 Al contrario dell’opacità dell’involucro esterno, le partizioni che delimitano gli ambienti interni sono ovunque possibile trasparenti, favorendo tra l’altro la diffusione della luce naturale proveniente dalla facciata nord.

★ ★ ★ ★ ★ ★ ★

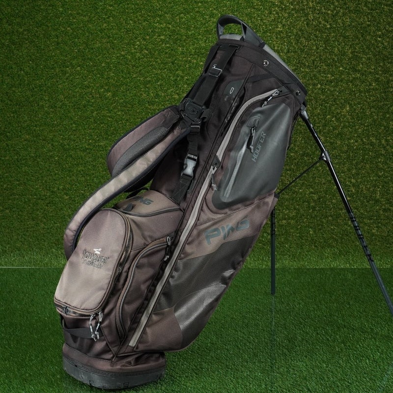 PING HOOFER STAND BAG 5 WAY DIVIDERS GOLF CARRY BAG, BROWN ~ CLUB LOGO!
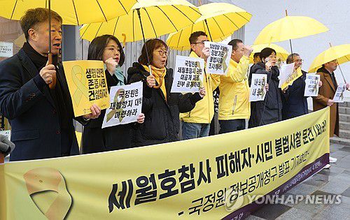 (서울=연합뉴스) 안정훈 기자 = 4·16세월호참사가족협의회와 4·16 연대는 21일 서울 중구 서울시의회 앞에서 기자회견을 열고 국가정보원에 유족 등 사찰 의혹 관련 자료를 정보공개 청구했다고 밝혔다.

★ ★ ★ ★ ★ ★ ★

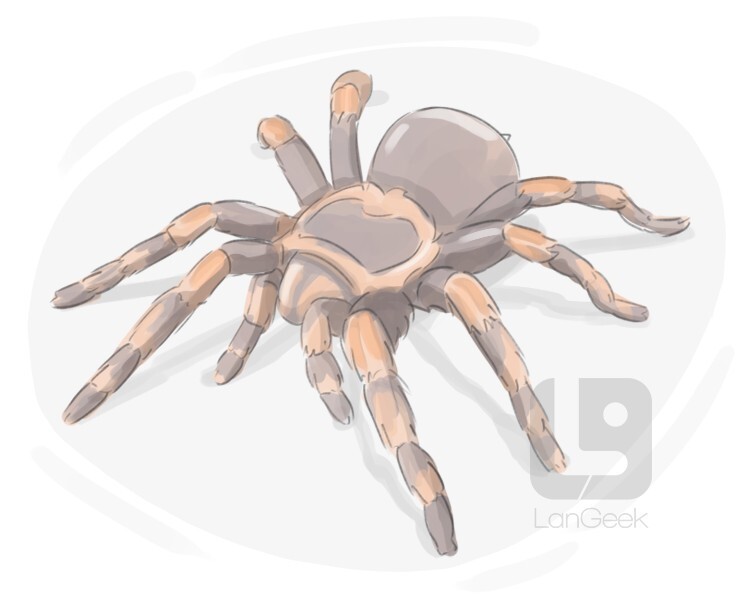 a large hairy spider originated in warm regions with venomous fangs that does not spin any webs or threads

★ ★ ★ ★ ★ ★ ★

- **PROBLEM DESCRIPTION**
Please return the data above exactly as it stands from the line with "PING HOOFER STAND" to the line with "(서울=연합뉴스) 안정훈 기자", keeping both of those lines but none of the pictures.

- **EXPECTED OUTPUT**
 PING HOOFER STAND BAG 5 WAY DIVIDERS GOLF CARRY BAG, BROWN ~ CLUB LOGO!
 (서울=연합뉴스) 안정훈 기자 = 4·16세월호참사가족협의회와 4·16 연대는 21일 서울 중구 서울시의회 앞에서 기자회견을 열고 국가정보원에 유족 등 사찰 의혹 관련 자료를 정보공개 청구했다고 밝혔다.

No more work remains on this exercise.